Милюнэ ушла, и, глядя ей вслед, Теневиль повторил, уже обращаясь к Тымнэро:
— Замуж ей надо. Совсем дозрела.
— Ии, — кивнул Тымнэро, — и я задумываюсь об этом.
На третий день пребывания в Ново-Мариинске Теневиль решил поторговать. К тому же пора было возвращаться к стоянке. Никто оттуда не приезжал, никаких известий не было.
Возле лавки Бессекерского он увидел старого Кымынто. Пастух лежал и стонал.
Теневиль нагнулся над земляком, и в нос ему ударил крепкий запах дурной веселящей воды.
— Какомэй! Как ты тут оказался?
— С вечера подняться не могу, — простонал Кымынто, садясь на снег с помощью Теневиля. — Крепкая здешняя веселящая вода.

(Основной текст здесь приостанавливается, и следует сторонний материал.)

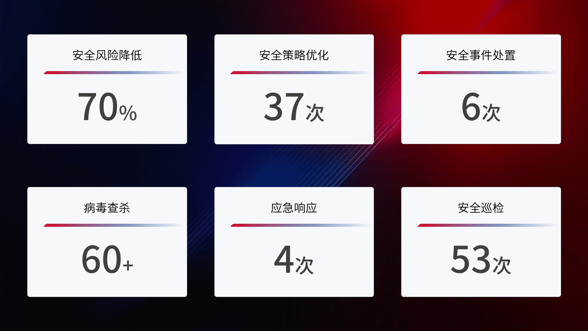 提供全面的安全事件报告体系,,,包括处置报告、、、、周报、、季度和年度总结,,结合持续监控,,,,帮助客户深入了解网络安全状况。。。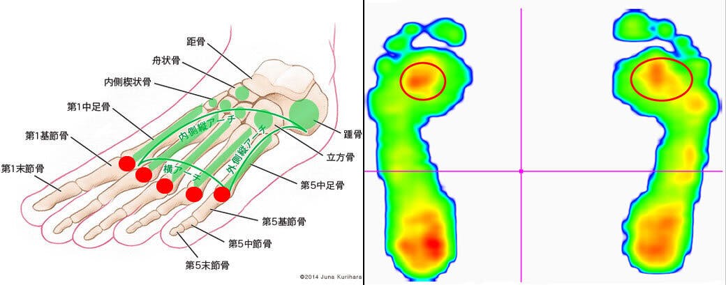それに加えて私が考えるもので、左図の赤い点で示したMP関節部(指球部)で構成され、右図の体重分布図でも分かるようにMP関節部(指球部)の中央に重心がくる「下凸横アーチ」があります。
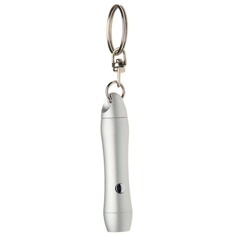 Metal keychain flashlight. The body is made of aluminum. Equipped with a metal key ring.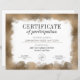 Papier Certificat de participation Gold Parties scintilla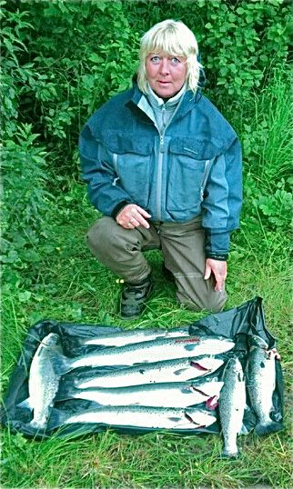 Wenche Lorentsen med sin kjempefangst som hun sammen med sin sønn Michael tok på dupp og Olsen-flua i løpet av et par timer 16.juli 2012.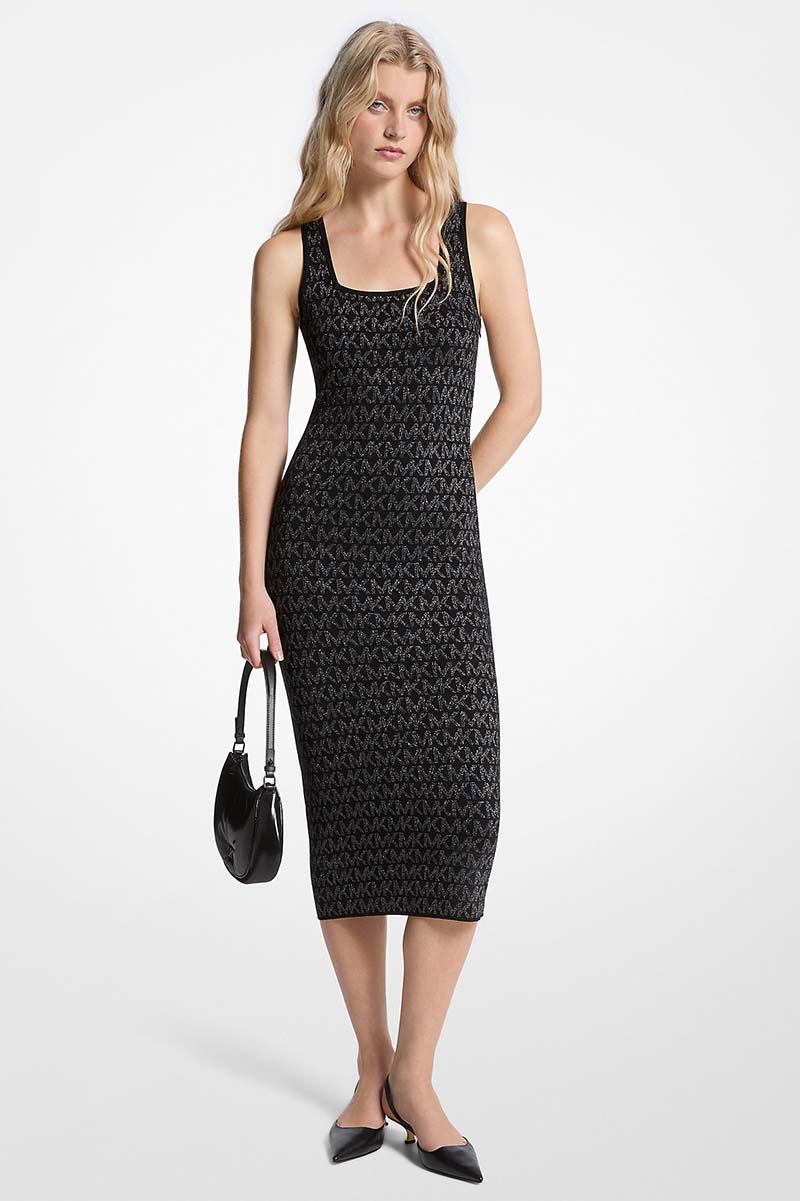 Este vestido midi de punto elástico exhibe nuestras icónicas iniciales con un acabado brillante. Se ha diseñado con un clásico escote cuadrado y una silueta ajustada para derrochar sofisticación sin esfuerzo. Póntelo en tu próximo cóctel con zapatos de tacón y un bolso pequeño.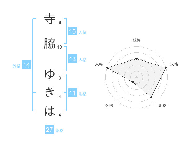 寺脇 ゆきはさんを姓名の画数から五運を鑑定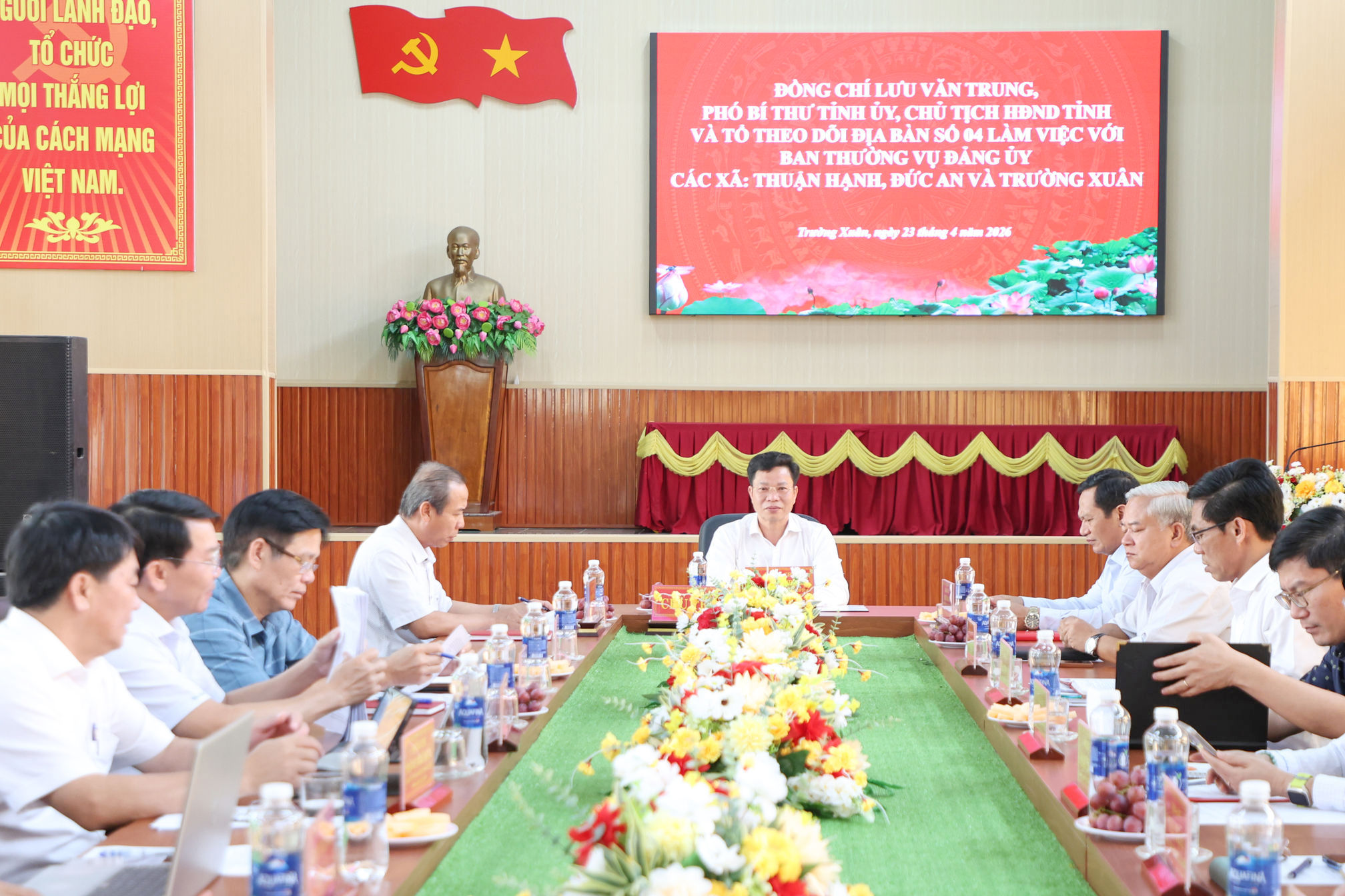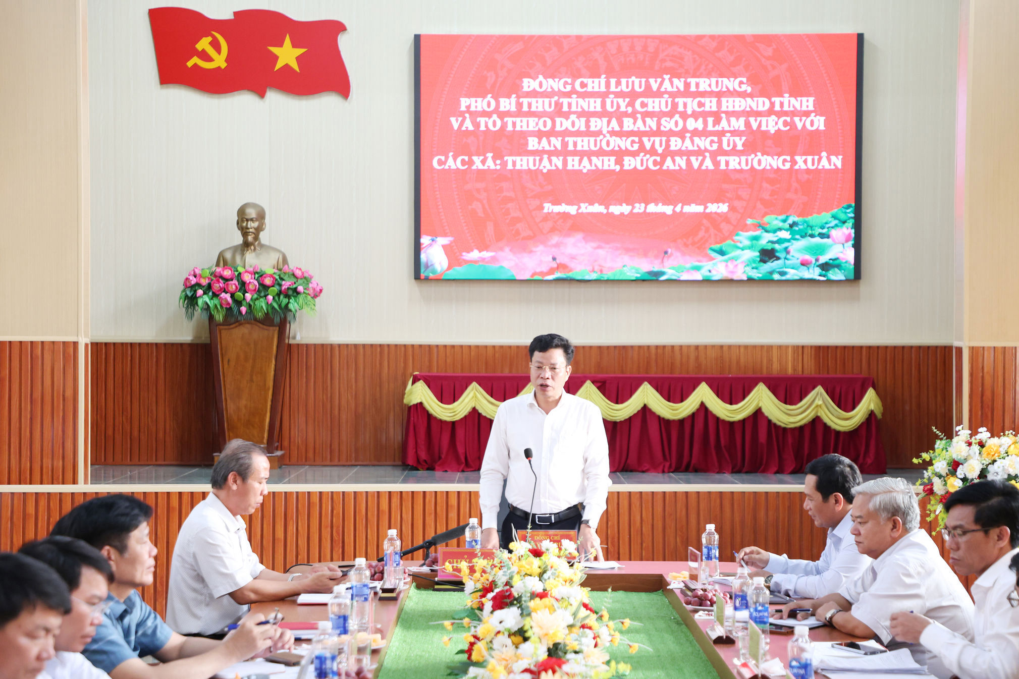 Phó Bí thư Tỉnh ủy, Chủ tịch HĐND tỉnh Lâm Đồng Lưu Văn Trung chủ trì buổi làm việc với Ban Thường vụ Đảng ủy xã Đức An, Thuận Hạnh và Trường Xuân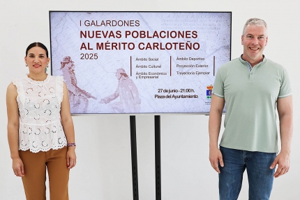 El alcalde de La Carlota, Antonio Granados y la concejala de Participación Ciudadana, Laura Bernier, han presentado oficialmente la primera edición de los Galardones Nuevas Poblaciones al Mérito Carloteño 2025, una iniciativa que tiene como finalidad reconocer públicamente a personas y entidades que, con su labor diaria, contribuyen de forma ejemplar al progreso del municipio, cuya entrega será el próximo, viernes, 27 de junio.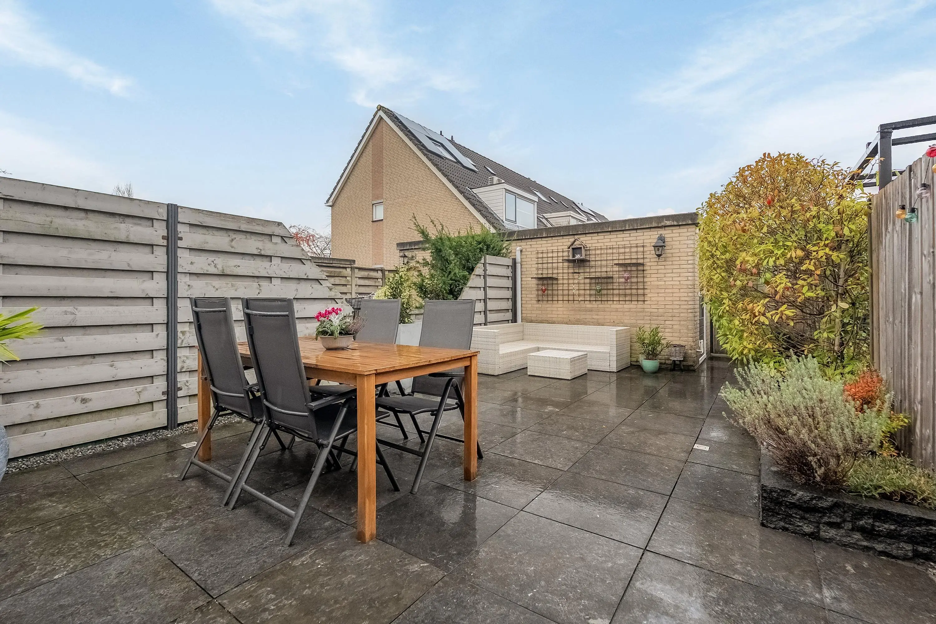 Deze moderne en goed onderhouden gezinswoning met energielabel A ligt in de rustige, kindvriendelijke wijk Dorpzicht en biedt alles wat u zoekt in een comfortabel en duurzaam thuis. Dankzij de 6 zonnepanelen woont u hier met uw gezin niet alleen stijlvol, maar ook energiezuinig. De uitgebouwde woonkamer is voorzien van vloerverwarming en grote raampartijen die zorgen voor een aangename, lichte leefruimte. Met de openslaande deuren open vloeien binnen en buiten letterlijk in elkaar over. Aan de voorzijde van de woning bevindt zich de open keuken, modern uitgevoerd en uitgerust met inbouwapparatuur om goed te kunnen koken. Op de eerste verdieping bevinden zich twee goed bemeten slaapkamers, allemaal voorzien van rolluiken, en een moderne badkamer met een eigentijdse uitstraling. De slaapkamer op de tweede verdieping is verrassend ruimtelijk dankzij de dakkapel en het dakraam, waardoor er veel lichtinval is en de ruimte optimaal wordt benut. De achtertuin op het zonnige zuidswesten is verzorgd aangelegd en biedt volop privacy, met een berging en achterom. Hier kun je heerlijk genieten van de middag- en avondzon. Kortom: een comfortabele, energiezuinige en instapklare gezinswoning waar aan alles is gedacht. De woning is klaar voor een nieuwe bewoner die hier met veel plezier de volgende hoofdstukken wil schrijven.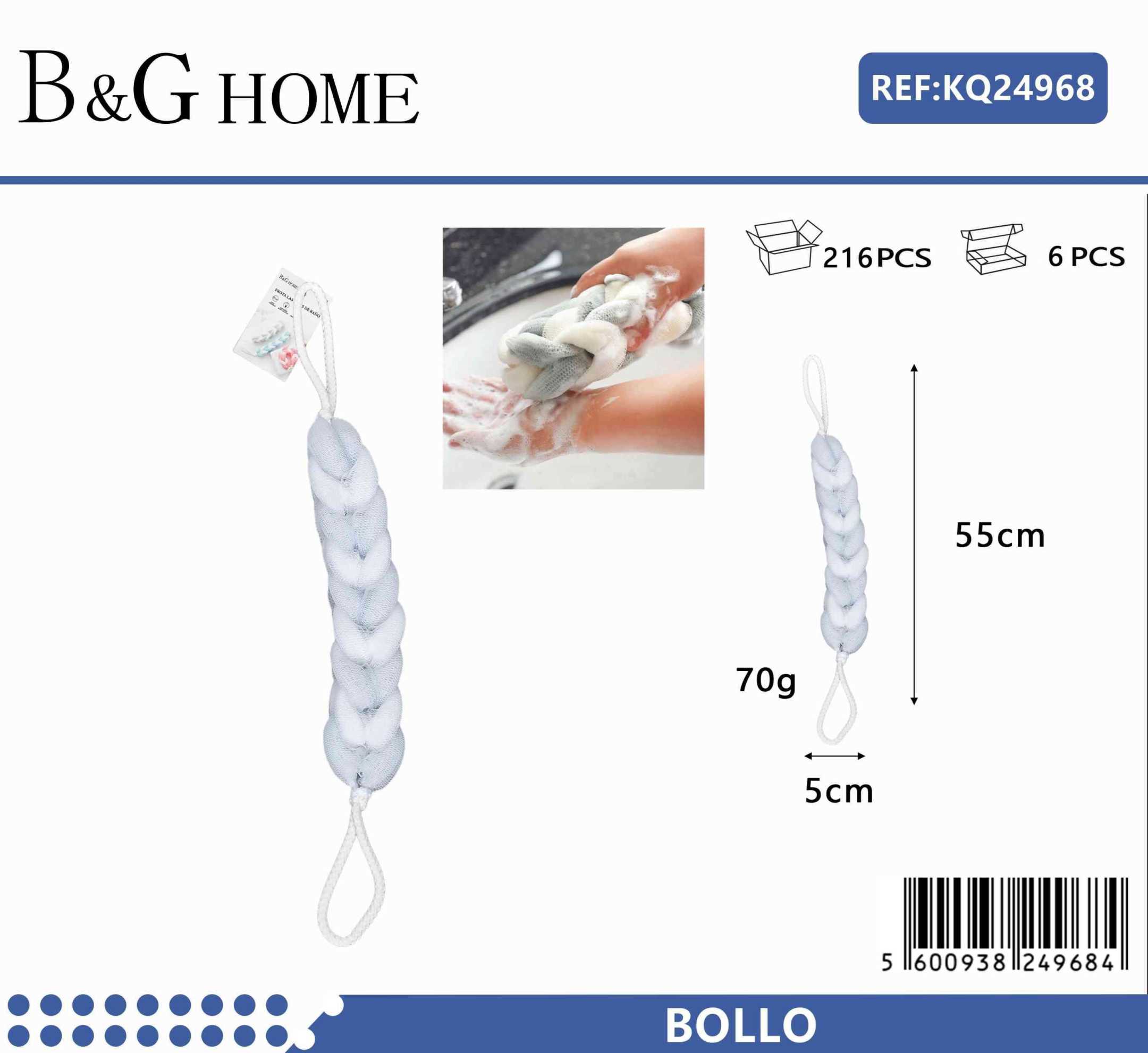 Σφουγγάρι μπάνιου δίχτυ από υψηλής ποιότητας και ανθεκτικότητας νάιλον, με κορδόνι-κρεμάστρα, εργονομικά σχεδιασμένο για την πλάτη χάρη στο ειδικό σχήμα πλεξούδα και τις λαβές του.

Бисекер обещал еще бутылку…
С помощью Теневиля Кымынто доплелся до лавки и ввалился внутрь, вызвав приветственный возглас торговца:
— Амын етти!
Кымынто заискивающе улыбался и даже пытался кланяться.
— Что принес? Чем будешь торговать?
— Вотька, — сказал Кымынто, — вотька давай…
У Теневиля сердце сжалось от жалости к старику. Он знал, какую власть имеет над человеком дурная веселящая вода. Сам пробовал, пристрастия к этому зелью не имел, однако хорошо понимал страдания других.
— Вотька, вотька, — заворчал Бессекерский, — сказано тебе — дуй отсюда, дикоплеший!
Кымынто уловил в голосе торговца гнев и постарался улыбнуться еще шире, еще преданнее и умоляюще.
Бессекерский взглянул на жалкую физиономию, на которой смешалось все — пьяные слезы, размазанные сопли, подобострастие, немая мольба в широко раскрытых, налитых кровью глазах, и его передернуло от отвращения.
Выйдя из-за прилавка, Бессекерский схватил за плечи полупьяного старика и вытолкал из лавки, приговаривая:
— Нет тебе вотьки… Нету… Пушнина нет — и вотька нет… Заруби себе на носу…
Бессекерский возвратился в лавку, ухмыляясь и довольно поглядывая на Теневиля.
— Так, — сказал он, потирая руки, словно смахивая с них невидимую грязь, приставшую от Кымынто. — Что ты хочешь? Экимыл[16] варкын и много разных патронов… Есть чай, сахар, табак… Табак американский, видишь, какие красивые банки?
Кымынто в стойбище Армагиргина был далеко не последним человеком. В общем стаде у него паслось немало своих оленей, и почитали его за ум, за то, что старик знал тундру и был добрым.
Теневиль собирал и запихивал в мешок пушнину под удивленным и недоуменным взглядом торговца.
— Ты что? Не хочешь со мной торговать?
— Нет, — решительно мотнул головой Теневиль, — в другом месте поторгую.
Теневиль уже шел к двери, за которой царапался и просился обратно Кымынто.